I’ve been looking at spectral clustering. Spectral clustering is an alternative to the k-means, DBSCAN, and Gaussian mixture model techniques. Spectral clustering is very complicated and there are dozens of variations of it.

Briefly, the version of spectral clustering I’ve been looking at is:

1. Load souce data into an nxd matrix X.
2. Compute an nxn affinity matrix S from X
3. Compute an nxn normalized Laplacian matrix L from S.
4. Compute k smallest eigenvector nxk matrix E from L.
5. Compute clustering 1xn vector C from E using k-means.

Step #5 requires a k-means implementation that is simple to invoke, which means it needs default parameters for initialization, internal loop iterations, and number trials to find best clustering. I recently implemented such a version of k-means using Python. Here’s a version using the C# language.


Left: Data before clustering. Right: After clustering using k-means.

Calling this implementation looks like:

// load data into X
KMeans km = new KMeans(X, 3); // create object k=3
int[] clustering = km.Cluster(); // cluster the data

In most scenarios, data clustering is an exploratory process where you examine different parameters and then visually examine the clustering results to look for interesting patterns. This implementation of k-means is designed to “just work” because it’s intended to be part of a larger spectral clustering system.



The k-means algorithm makes the implicit assumption that the data clusters are circular (or hyperspherical for higher dimensional data items). Here are three of my favorite circular spaceships from science fiction movies.

Left: In “Forbidden Planet” (1956), the crew of the C-57D travel to Altair IV where they meet Dr. Morbius, his daughter Altaira, and Robby the Robot, to discover what happened to the rest of the settlers. An excellent movie.

Center: In “The Atomic Submarine” (1959), an alien flying saucer is under the sea in the Artic, destroying cargo submarines. The USS Tigershark submarine manages to destroy the evil alien saucer. Low budget but entertaining (to me).
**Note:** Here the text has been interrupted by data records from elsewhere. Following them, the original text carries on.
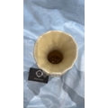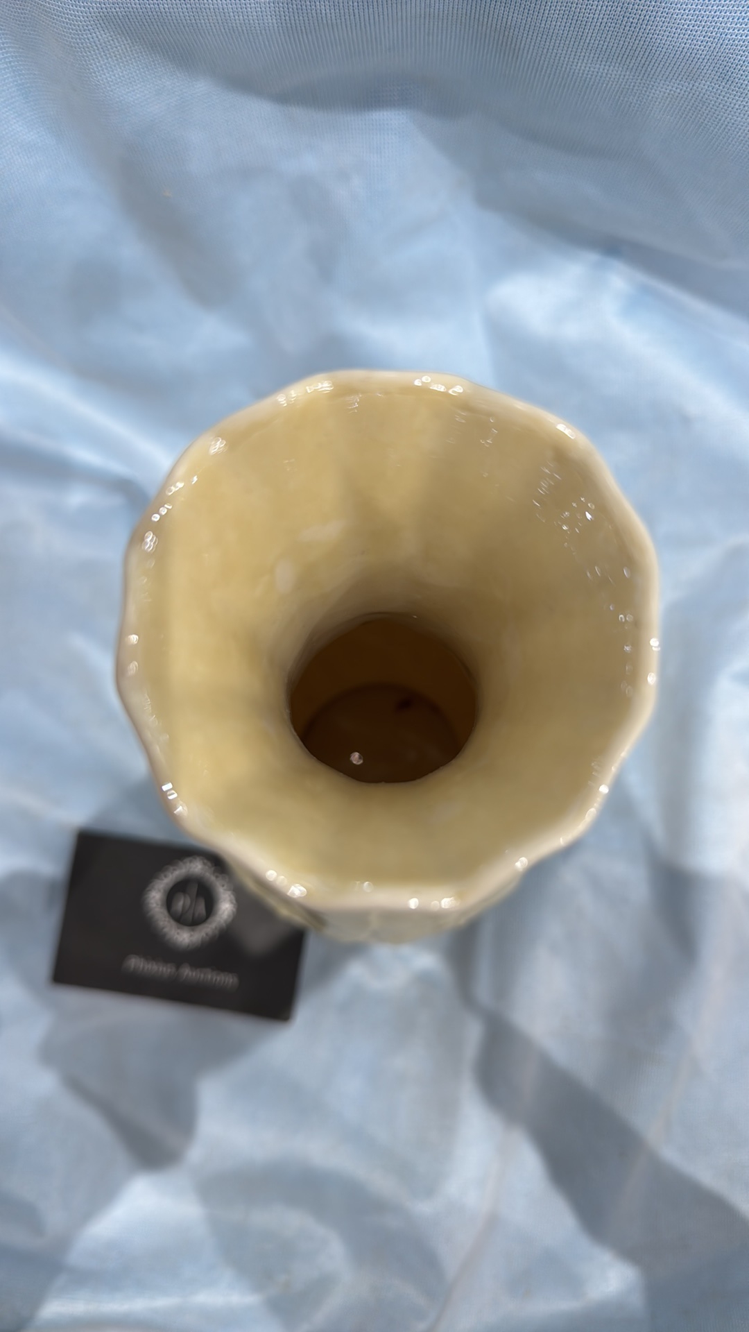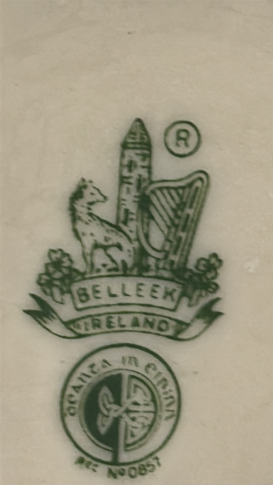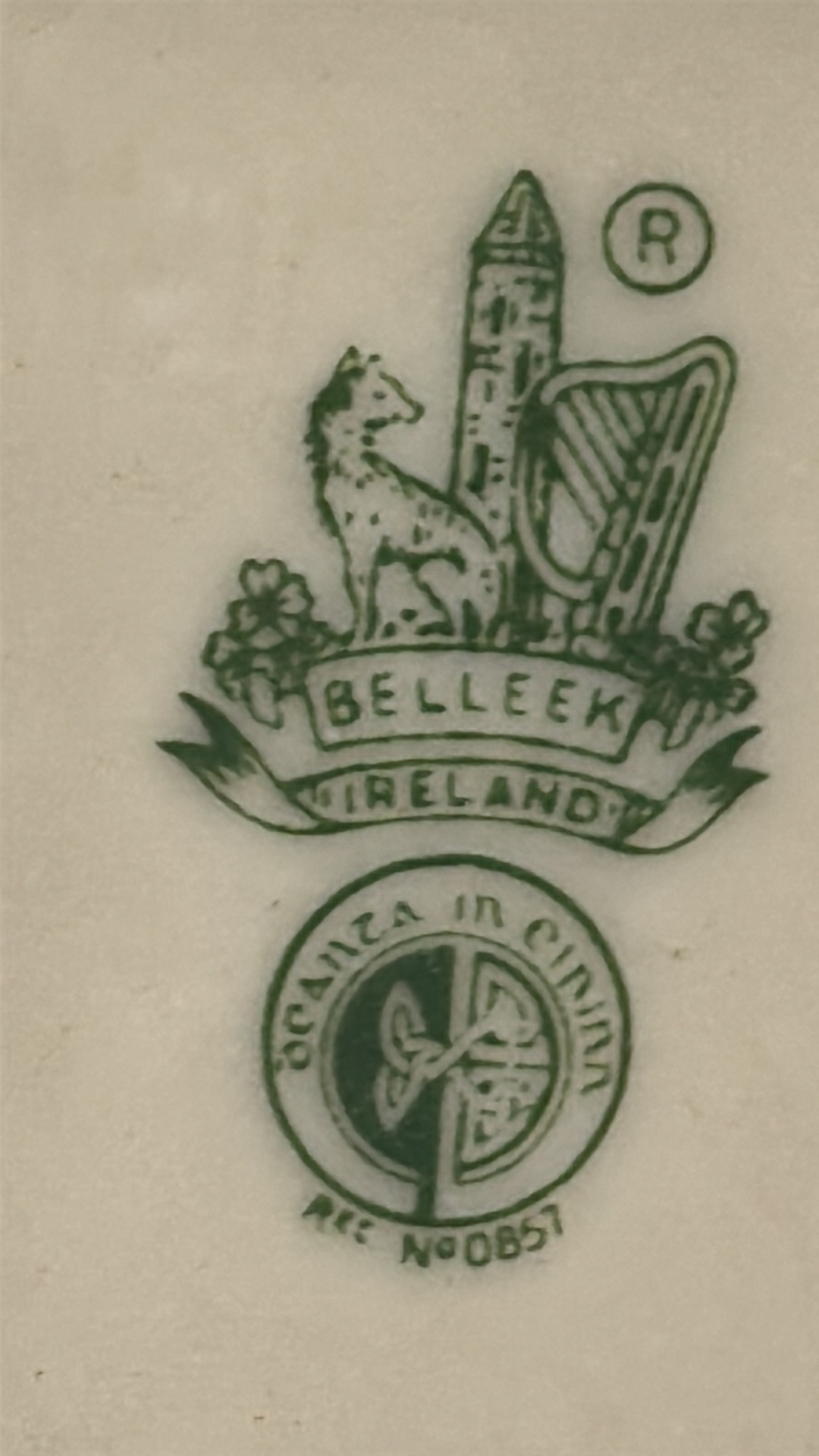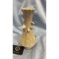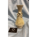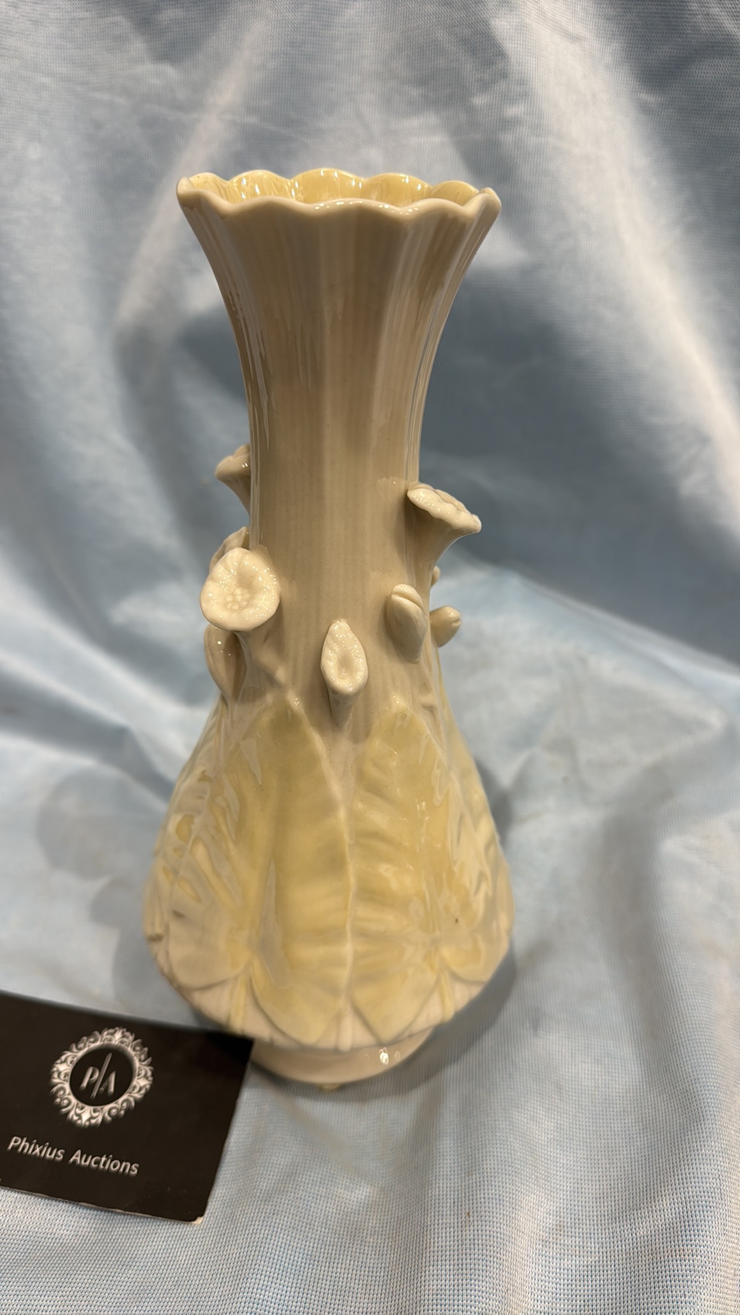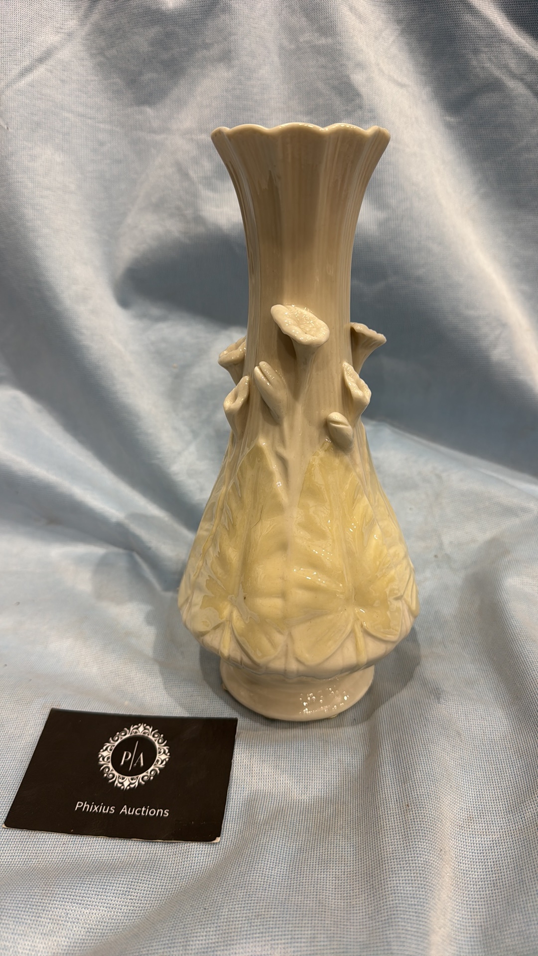 Mid-Century Belleek Irish porcelain trumpet-form vase, scalloped rim and leaf-moulded body with applied calla lilies, creamy ivory and pale yellow glaze; green 5th period mark, circa 1955-65.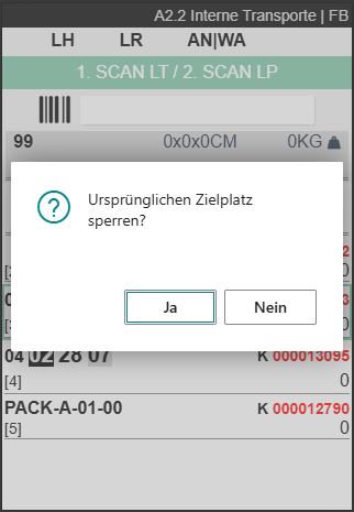 - Urspr. Zielplatz sperren A2: Bewirkt, dass beim Suchen eines neuen Zielplatzes in A2 der ursprüngliche Zielplatz gesperrt werden kann. Hierzu gibt es eine entsprechende Abfrage beim wechseln des Zielplatzes in A2. Das ist dann sinnvoll, wenn der Wechsel erfolgt, weil der eigentliche Zielplatz nicht nutzbar ist.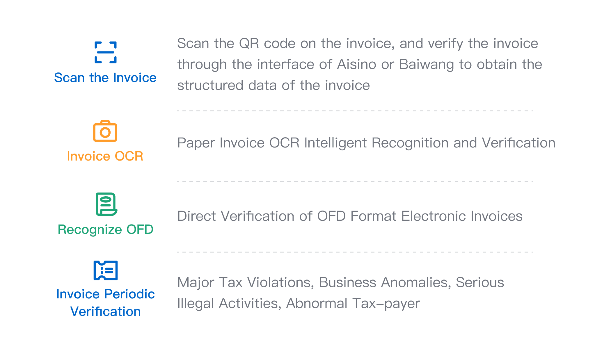 支持解析数电票(含XML格式的数电票原文件)和读取OFD/PDF/纸质版发票信息,并查重、验真、验签及监控发票异常状态,规避合规风险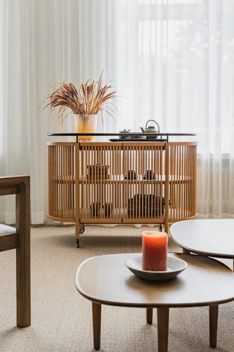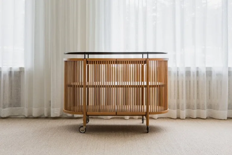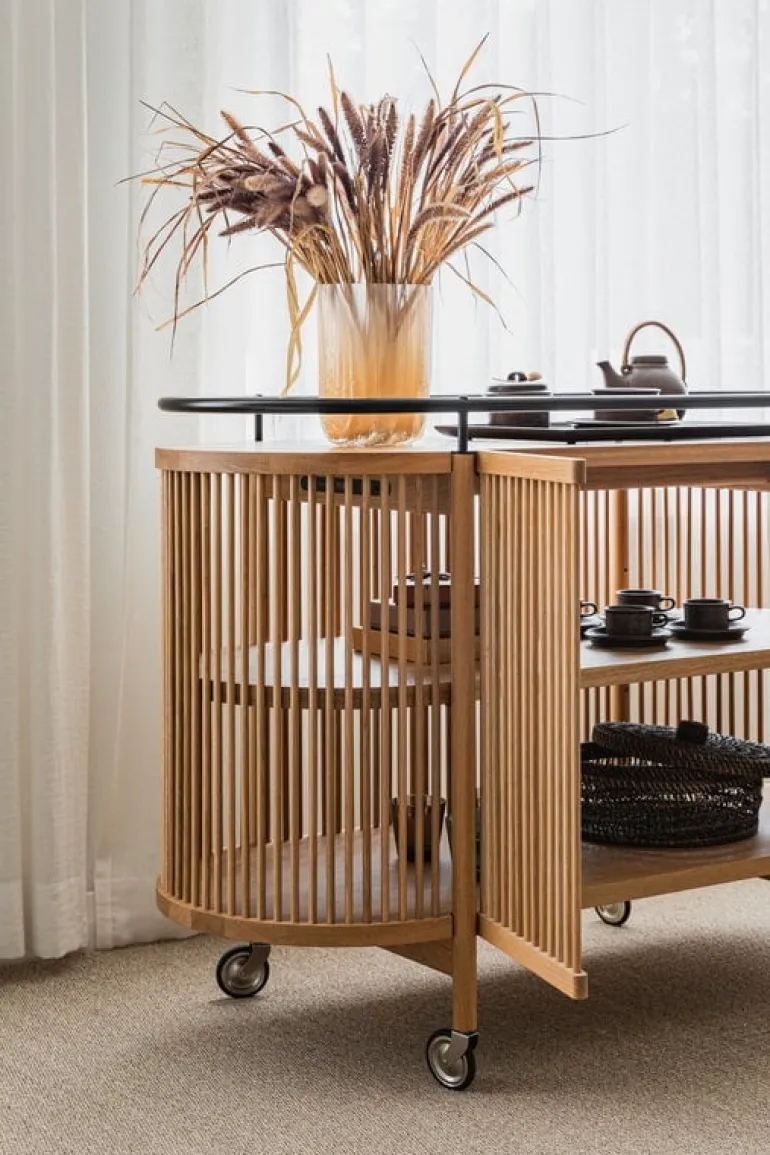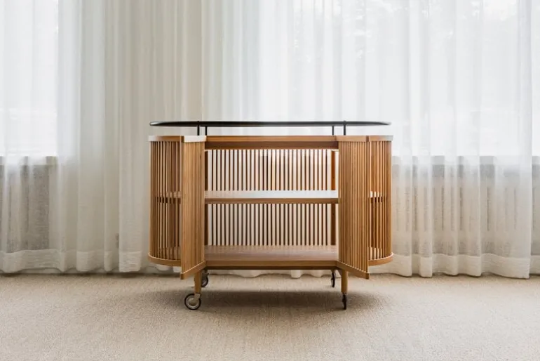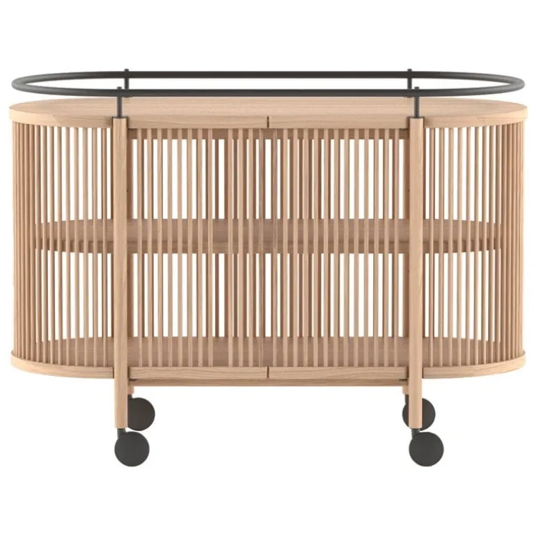 Drinkvagnen Bastone skapar en förtrollande scen för en mixologs bästa skapelser eller en samlares värdefulla porslin. Den är försedd med hjul och barskåpets eleganta dörrar döljer två hyllor som rymmer en mängd glas, cocktailingredienser eller ett elegant te- eller kaffeset. Bastone har ett elegant metallräcke kring ovansidan som ser till att glas och flaskor står säkert på plats även när vagnen är i rörelse.

Right: In “Robinson Crusoe on Mars” (1964), Commander Chris Drape crash lands on Mars. Unpleasant aliens in flying saucers are performing mineral mining using slaves. The movie wasn’t well-received when it was released but has gained a good reputation in the ensuing decades. I saw this movie in 1964 with my brother Roger at the Fox Fullerton theater on Harbor Blvd. I ate Flicks chocolate candy from a red foil tube while watching the movie.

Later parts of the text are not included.